M. Couillard: Oui. Puis, moi, je dois dire qu'on fait de notre mieux, comme vous le savez, pour essayer d'aller dans cette direction-là.

Pour revenir au début, à votre analogie: Autour de la table, il y a un ministre qui va se faire dire par ses collègues: Qu'est-ce que tu fais là? Tu n'as pas produit ton rapport? Dans la réalité des groupes ? puis vous le savez, vous-même qui avez une organisation à gérer, avec un conseil d'administration, puis des comités, des tables où les gens discutent ? en général, ça ne marche pas trop fort, ça. Ce qui marche plutôt, c'est quand quelqu'un dit: Regarde, cette chose-là qu'on trouvait difficile à faire, qu'on nous a demandé de faire, regarde, j'ai trouvé une façon, moi, de le faire, que j'ai trouvée intéressante, qui m'a permis d'améliorer les choses dans mon ministère, de sorte que c'est devenu non pas une charge, mais quelque chose qui m'a permis de mieux faire ce que j'ai à faire. Et là l'autre personne devient intéressée, elle veut voir, elle veut faire pareil, elle veut développer l'émulation. Et en général c'est comme ça que les choses encore une fois s'améliorent. J'ai peut-être une vision différente de la vie ou de la dynamique des organisations, mais c'est quelque chose auquel je crois profondément.

M. Lavigne (Richard): ...je pense qu'à quelque part ce que je vous dis puis ce que vous me dites, c'est entre les deux. C'est sûr que ce n'est jamais...

M. Couillard: Excellent. Comme d'habitude, vous avez raison.

M. Lavigne (Richard): J'aimerais bien ça qu'on dise juste: Faites de quoi, puis tout se fait, là. Mais, si c'était ça, là, on ne serait pas là, aujourd'hui, tout irait bien.

M. Couillard: Vous avez raison.

M. Lavigne (Richard): Puis un peu comme... Tu sais, je ne veux pas utiliser des contextes pour rien, mais, tu sais, j'entends à la télévision que, quand vous êtes allé au fédéral, vous disiez: Bien, écoutez, respectez donc nos manières de fonctionner. Voulez-vous nous accommoder? Ce ne sera peut-être pas aussi accommodant que vous voulez, mais il y a eu un pas. Je n'ai pas vu les documents, mais ce que j'entends comme citoyen, c'est qu'il y a des pas qui se font. Bien, nous, c'est un peu la même chose. Puis on est bien sûrs que, le plan d'action, là, on en a pour 50 ans minimum avant que toutes les personnes handicapées soient incluses, là. On ne rêve pas, là. On est conscients, nous aussi, parce que justement on connaît quand même un peu la réalité, mais il faut donner une direction, c'est ce qu'on demande.

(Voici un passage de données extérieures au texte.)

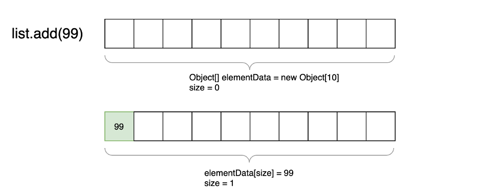 Khi bắt đầu thêm mới một phần tử, elementData sẽ được gán bằng một mảng mới có độ dài thường là bằng 10.
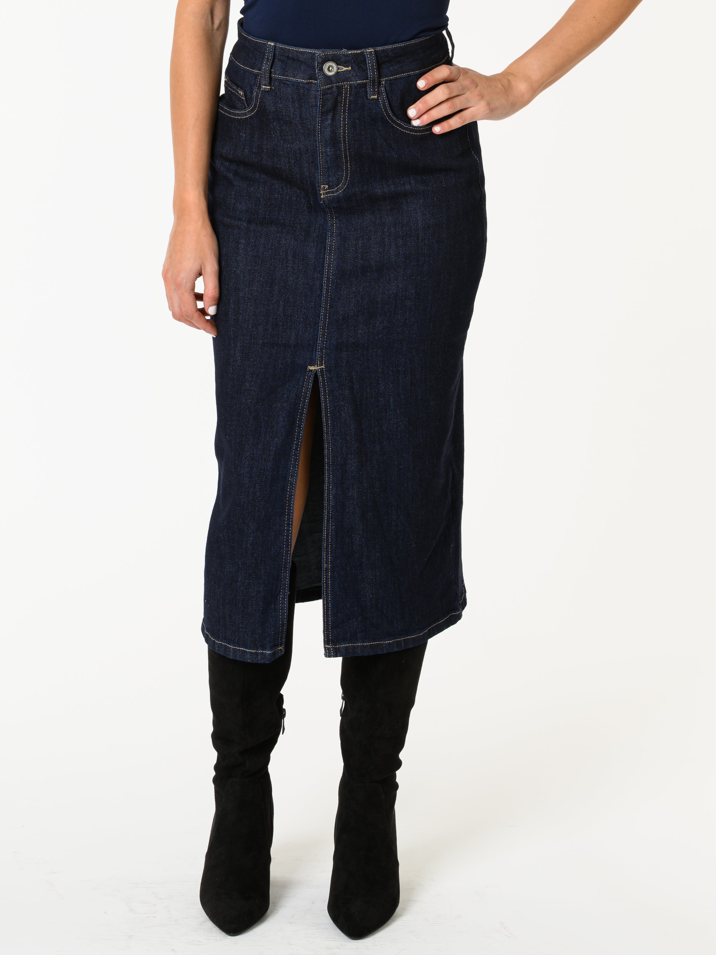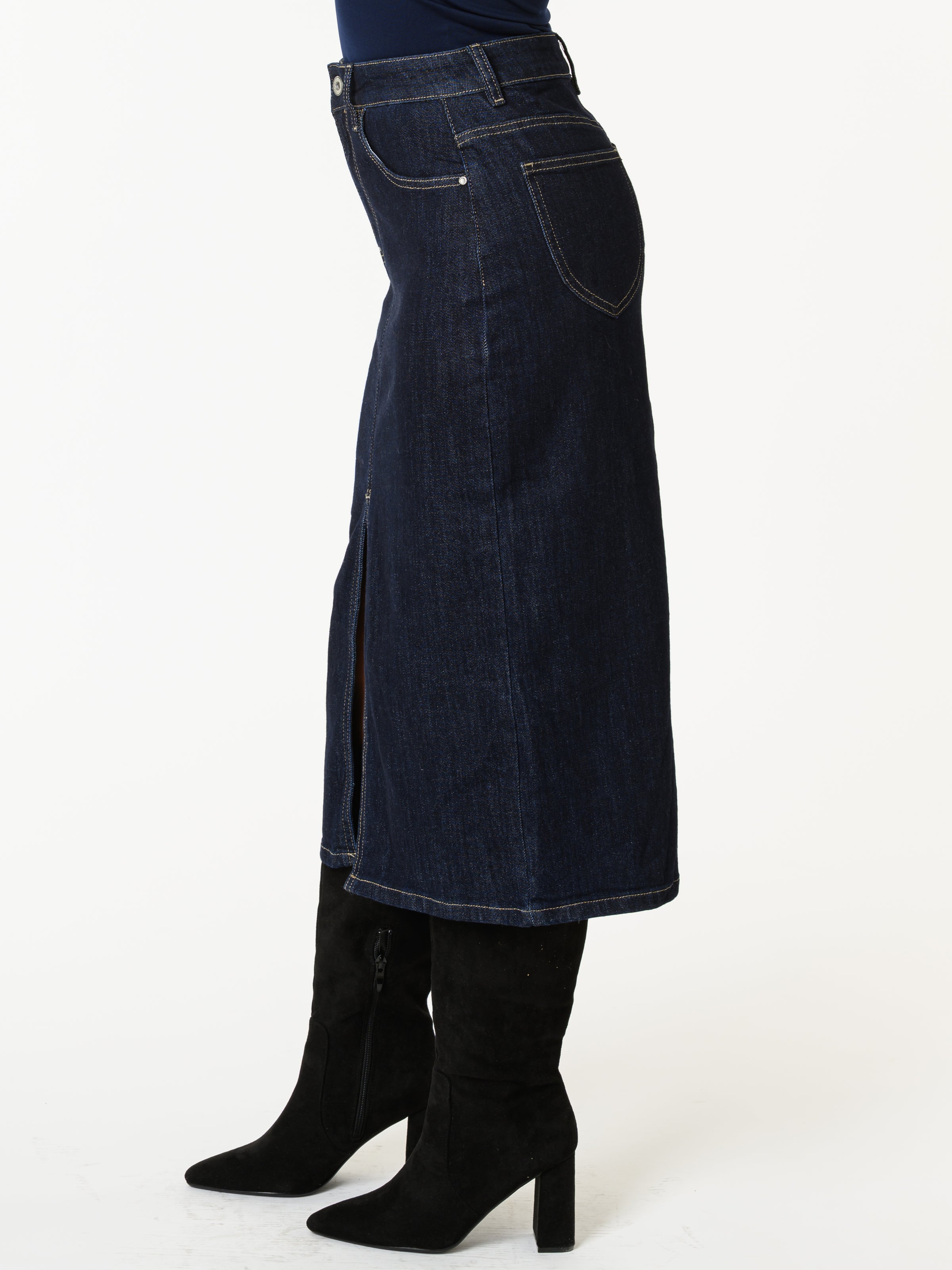 Découvrez notre jupe de jeans fendue en avant. Cette jupe de couleur bleu foncé comporte de poches pratiques en arrière en an avant. Avec sa coupe classique, ce modèle allie style et tendance. Elle fait environ 30 pouces de long.

M. Couillard: Je voudrais terminer sur le rôle de l'office ou de l'instance, ou l'office tel que redéfini qui devient pour nous cette instance transversale d'action au niveau du gouvernement. Je vous donne un exemple des nouveaux rôles qui lui sont confiés, à cet office ou à cette instance: un rôle de conseil auprès du gouvernement, ministères, réseaux, municipalités, organismes publics; un devoir de faire des recommandations au ministre responsable de l'application de la loi pour éliminer les obstacles; un devoir de fournir au milieu d'intégration des outils d'intervention et d'information; le pouvoir de prêter assistance à quiconque est tenu de produire un plan d'action ou un document ? prêter assistance, ça peut vouloir dire insister fortement pour que le plan d'action se fasse également, c'est une façon de porter assistance. Alors, il me semble qu'on a là consacré le rôle de l'office ou de l'instance comme un outil qui est justement mis au service des gouvernements, des ministères, des réseaux, des instances, des organismes publics et privés, et ce qui va un peu dans le sens du discours sur lequel on s'entend ? vous avez raison, on dit un peu les mêmes choses depuis le début, et quelque part la vérité est entre nous et on essaie de la trouver ensemble... Mais est-ce que vous ne trouvez pas que, là, il y a un pas significatif qui est accompli dans cette direction-là?

M. Lavigne (Richard): Oui, oui, c'est sûr que, comme je disais tantôt, on sent qu'on avance, là. Écoutez, moi, je ne veux pas... Cet office-là, c'est sûr qu'elle doit porter... secours, oui! conseil. Elle doit assister, elle doit insister, et tout ça. C'est juste que, au risque de me répéter, c'est qu'il faut que ça vienne... L'office ne peut pas... À un moment donné, quand le haut fonctionnaire ou, en tout cas, la personne va dire à l'office: O.K., ça suffit, j'ai compris, laisse-moi faire, c'est là que ça bloque, puis on en a vu dans des exemples, là. Puis, quand on dit que l'office doit être représentatif du milieu pour lequel elle travaille, ce n'est pas pour rien qu'on dit ça, hein?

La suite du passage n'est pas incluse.